За ним струйкой потянулись домочадцы. Казалось, ешиботник своими словами загородку какую-то отодвинул, снял преграду – и вот они пошли: уныло, покорно. Дора Ароновна осталась.
– А вы как думаете, – с вызовом глядя на Иуду, спросила Дора Ароновна, – простит их Бог?
– Не понимаю, о чем вы, – сказал Иуда.
– Мне показалось, что вы знаете языки, – сказала Дора Ароновна. – И идиш – тоже.
– Я не лингвист, я писатель, – сказал тогда Иуда Гросман. – Вот вы читаете Арцыбашева…
– Это ни при чем, – придвигаясь к столу, сказала Дора Ароновна. – Зачем вы устроили все это: ублюдок в шляпе, рыть картошку? Зачем, писатель?
– Вы отважная женщина, – с удовольствием, подумав, сказал Иуда. – Но вы все равно не поймете… Жил-был когда-то еврей по имени Иосиф Флавий – слышали про такого?
– Я читала Флавия, – сказала Дора Ароновна. – В Варшаве, в университете.
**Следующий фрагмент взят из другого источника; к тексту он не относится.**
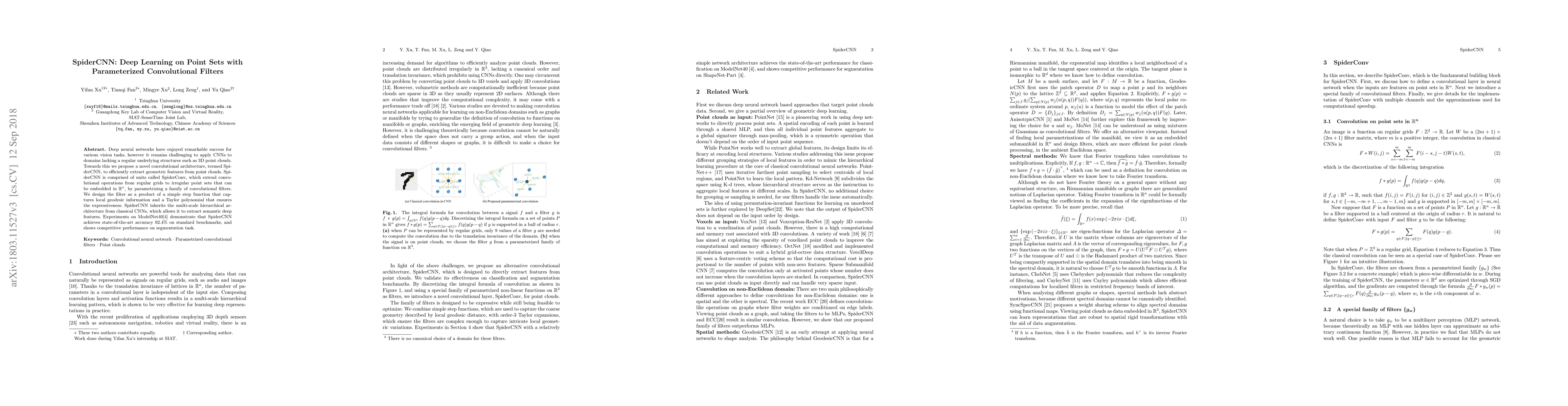Deep neural networks have enjoyed remarkable success for various vision tasks, however it remains challenging to apply CNNs to domains lacking a regular underlying structures such as 3D point clouds. Towards this we propose a novel convolutional architecture, termed SpiderCNN, to efficiently extract geometric features from point clouds. SpiderCNN is comprised of units called SpiderConv, which extend convolutional operations from regular grids to irregular point sets that can be embedded in R^n, by parametrizing a family of convolutional filters. We design the filter as a product of a simple step function that captures local geodesic information and a Taylor polynomial that ensures the expressiveness. SpiderCNN inherits the multi-scale hierarchical architecture from classical CNNs, which allows it to extract semantic deep features. Experiments on ModelNet40 demonstrate that SpiderCNN achieves state-of-the-art accuracy 92.4% on standard benchmarks, and shows competitive performance on segmentation task.

– Флавий перешел к римлянам, – продолжал Иуда, – чтобы посмотреть, что будет, и описать Иудейскую войну. И он это сделал, к счастью… А незадолго до этого он мечтал спасти свой народ, желал военной славы. Для многих он и сегодня предатель, хуже козла и барана. И вот вопрос: почему он все это сделал?
– Ну же? – спросила Дора Ароновна.
– Потому что он был писатель, – сказал Иуда. – Писателю можно, ему все можно – во всяком случае, куда больше, чем другим. Его глаза, знаете ли, никак не наполнятся зрением, уши – слушанием. Вот и я тоже смотрю на петуха Трофима и на ваш курятник.
– А если он начнет резать, этот ваш приятель, насиловать – вы тоже будете смотреть? – настойчиво спросила Дора Ароновна. – Это же так интересно потом описать!
– Вот с этим осторожней, – улыбнулся Иуда. – У него сифилис, это факт.
За окном затопали капли по листьям яблонь. Пролился дождь. На соседском огороде евреи ползали по грядкам, выкапывая картофельные клубни из рыхлой черной земли. Трофим Рохля стоял в сторонке, у ног его находился раззявленный мешок, уже на треть наполненный картошкой, перемазанной глинистой землей. Евреи работали молча, не переговаривались между собою.
– Бейла! – позвал Трофим. – Иди сюда!
Женщина разогнулась, поправила волосы и переступила через грядку.
– Ты плясать можешь? – с интересом спросил Трофим. – Хоть по-вашему?
– Могу, – сказала Бейла, глядя в сторону.
– Во! – обрадовался Трофим Рохля. – А Лютов говорит – не можете вы. Ученый – а не знает! Ну, иди в дом, ставь котел. Есть котел-то? И мясо достань у меня из мешка, там увидишь.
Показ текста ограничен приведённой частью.